En Europe, les néonicotinoïdes ont été introduit dans les années 1990. Certains de ces produits ont été suspendus provisoirement dans les années 2000 par principe de précaution. Il a suffi aux industriels d’user de leurs stratégies pour que ces mêmes produits ou de nouveaux proches cousins soient ré-autorisés dans toute l’Europe en 2005. En 2013, un moratoire est finalement voté suite au fameux rapport de l’EFSA et malgré de fortes oppositions : trois néonicotinoïdes ont désormais des restrictions d’usage en Europe mais seulement pour les cultures attractives pour les insectes.
Malgré cela, la vente des cinq principaux néonicotinoïdes augmente l’année suivante de 31% en France et de nouveaux produits apparaissent : en 2015, l’Europe autorise la mise sur le marché de deux insecticides à base de sulfoxaflor, qui ciblent les mêmes récepteurs que les neonics dans le système nerveux central des insectes. Après toutes les connaissances acquises sur les effets délétères des insecticides nouvelle génération, comment ces nouveaux produits peuvent-ils accéder au marché ? En Europe et aux Etats-Unis, lorsque des risques sont mis en évidence, il est fréquent que les produits soient malgré tout autorisés provisoirement en attendant des études complémentaires des industriels. C’est ainsi que ces deux insecticides ont été autorisés en Europe en 2015 puis en France en 2017. La même année, les produits sont finalement suspendus en France par principe de précaution grâce à l’action d’associations d’apiculteurs et de défense de l’environnement.
Il faudra finalement attendre 2018 pour que l’Europe vote une prolongation et une généralisation du moratoire de 2013 et retire du marché les trois principaux néonicotinoïdes ; la France choisira même d’en retirer deux supplémentaires. Il aura donc fallu 27 ans pour que la réglementation européenne réagisse face à ces produits destructeurs.
3.Et maintenant ?
L’interdiction des trois principaux néonicotinoïdes en Europe est une belle avancée. L'usage de ces produits est également interdit aux Etats-Unis depuis peu. Cependant, les firmes agrochimiques pourront facilement contourner ces interdictions en élaborant de nouveaux produits à la fois très proches des néonicotinoïdes mais qui n’entrent pas dans cette famille. Il faut aussi se rappeler que les néonicotinoïdes ont des périodes de demi-vie de plusieurs dizaines d’années et que leur interdiction n’aura pas d’effets instantanés : les insectes pollinisateurs continuent de disparaître.
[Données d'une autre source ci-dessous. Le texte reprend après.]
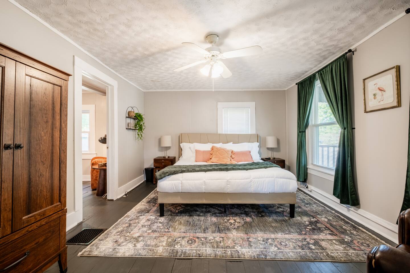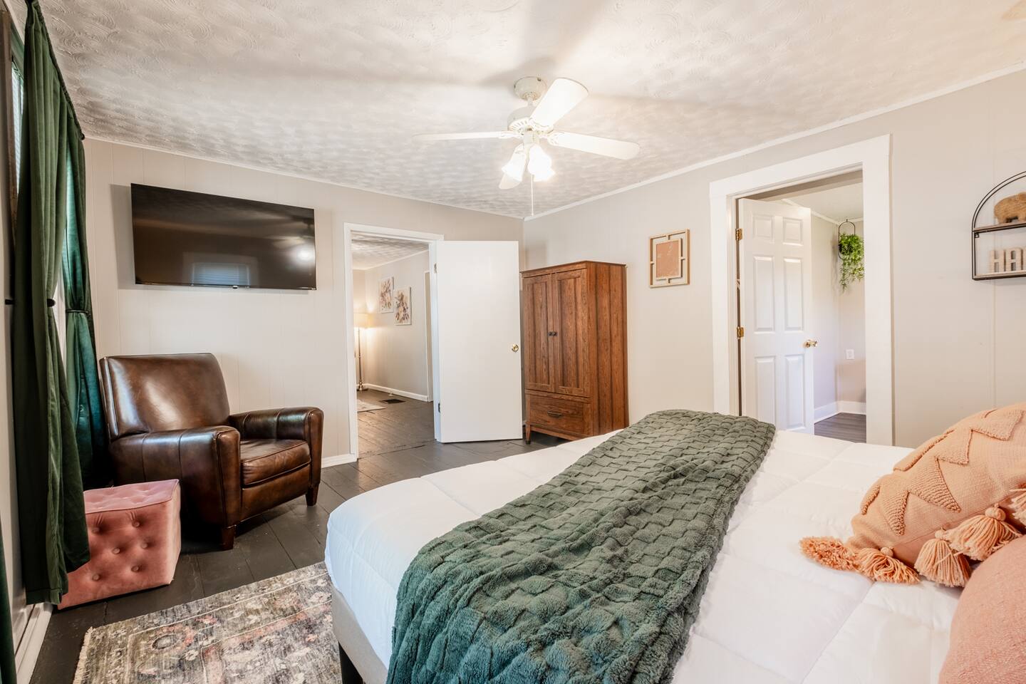 - 3 cozy bedrooms: 1 with a premium hybrid king mattress, 2 with premium hybrid queen mattresses - Smart TVs in each bedroom and the living room - Fully equipped kitchen: fridge, stove, dishwasher, Keurig, microwave - Dining table seats 6 - Dedicated office space, reading nook, and high-speed WiFi - Relaxing living room with Smart TV—ready for streaming your favorite shows - Walk-out to a fenced backyard

Le sujet de l’interdiction des néonicotinoïdes en Europe permet de mettre en lumière la complexité des réglementations de mises sur le marché. Cette complexité est d’abord scientifique : un sujet aussi complexe que la disparition des abeilles ne pourra jamais obtenir de conclusion scientifique formelle et définitive. Elle est ensuite politique : la porosité entre les firmes agrochimiques privées et les autorités sanitaires et institutions publiques est effrayante et conduit à des assouplissements des réglementations et à des révisions sans fin. Pour maîtriser les informations élémentaires de ce seul sujet des néonicotinoïdes, il m’a fallu passer des heures à analyser un livre d’investigation très poussé et à le compléter par des rapports pointus. N’importe quel autre sujet de réglementation européenne est sûrement aussi complexe. On comprend donc que l’opinion publique n’a quasiment aucun moyen de se faire sa propre opinion sur un tel sujet car les relations entre les industriels et les gouvernements lui sont totalement opaques.